The 0.01 euro stamp on the top is from 2009 Lighthouse issue showing lighthouse in Didimi Islet, Gaidouronisi Syros.
The next two stamps are from 2008 Fairy Tales issue.
The 0.10 euro stamp illustrates The Mermaid and Alexander the Great.
In a popular Greek legend, Alexander the Great's sister, Thessalonike, was turned into a mermaid after she died. She lived, it was said, in the Aegean and when she encountered a ship, she asked its sailors only one question: "Is King Alexander alive?" , to which the correct answer was: "He lives and reigns and conquers the world" . This answer pleased her so she calmed the waters and wish the ship farewell. Any other answer would spur her into a rage. She would raise a terrible storm, with certain doom for the ship and every sailor on board.
The 0.57 euro stamp shows Little Red Riding Hood.
It is about a girl called Little Red Riding Hood, after the red hooded cape or cloak she wears.
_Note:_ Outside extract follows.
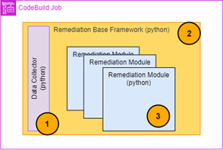 Giải pháp cuối cùng bao gồm remediation base framework và một hoặc nhiều remediation modules. Tất cả các remediation modules được chạy tuần tự để giảm thiểu rủi ro của các tác dụng phụ có thể xảy ra hoặc vấn đề throttling đối với AWS service APIs. Cách tiếp cận này cũng tạo điều kiện kiểm soát và truy xuất nguồn gốc tốt hơn trong trường hợp xảy ra lỗi hoặc hành vi không mong muốn trong quá trình remediation vì các hành động cũng được ghi lại tuần tự.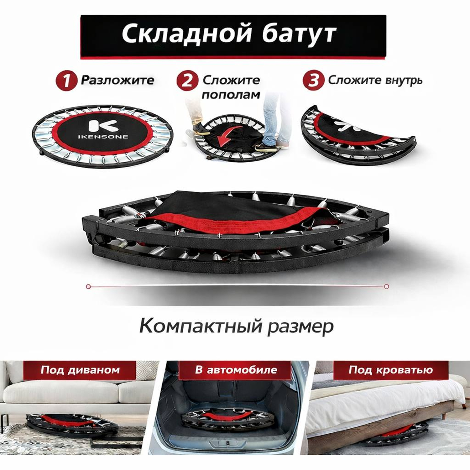 Высота батута составляет 25 см, что делает использование удобным и безопасным. Компактная конструкция подходит для домашних тренировок, а практичный черный цвет делает модель универсальной для любого интерьера.

The girl walks through the woods to deliver food to her sick grandmother.
A wolf wants to eat the girl but is afraid to do so in public. He approaches the girl, and she naïvely tells him where she is going. He suggests the girl pick some flowers, which she does. In the meantime, he goes to the grandmother's house and gains entry by pretending to be the girl. He swallows the grandmother whole, and waits for the girl, disguised as the grandmother.
When the girl arrives, she notices he looks very strange to be her grandma. In most retellings, this eventually culminates with Little Red Riding Hood saying, "My, what big teeth you have!"
To which the wolf replies, "The better to eat you with," and swallows her whole, too.
A hunter, however, comes to the rescue and cuts the wolf open. Little Red Riding Hood and her grandmother emerge unharmed. They fill the wolf's body with heavy stones, which drown him when he falls into a well. Other versions of the story have had the grandmother shut in the closet instead of eaten, and some have Little Red Riding Hood saved by the hunter as the wolf advances on her rather than after she is eaten.
The tale makes the clearest contrast between the safe world of the village and the dangers of the forest, conventional antitheses that are essentially medieval, though no written versions are as old as that.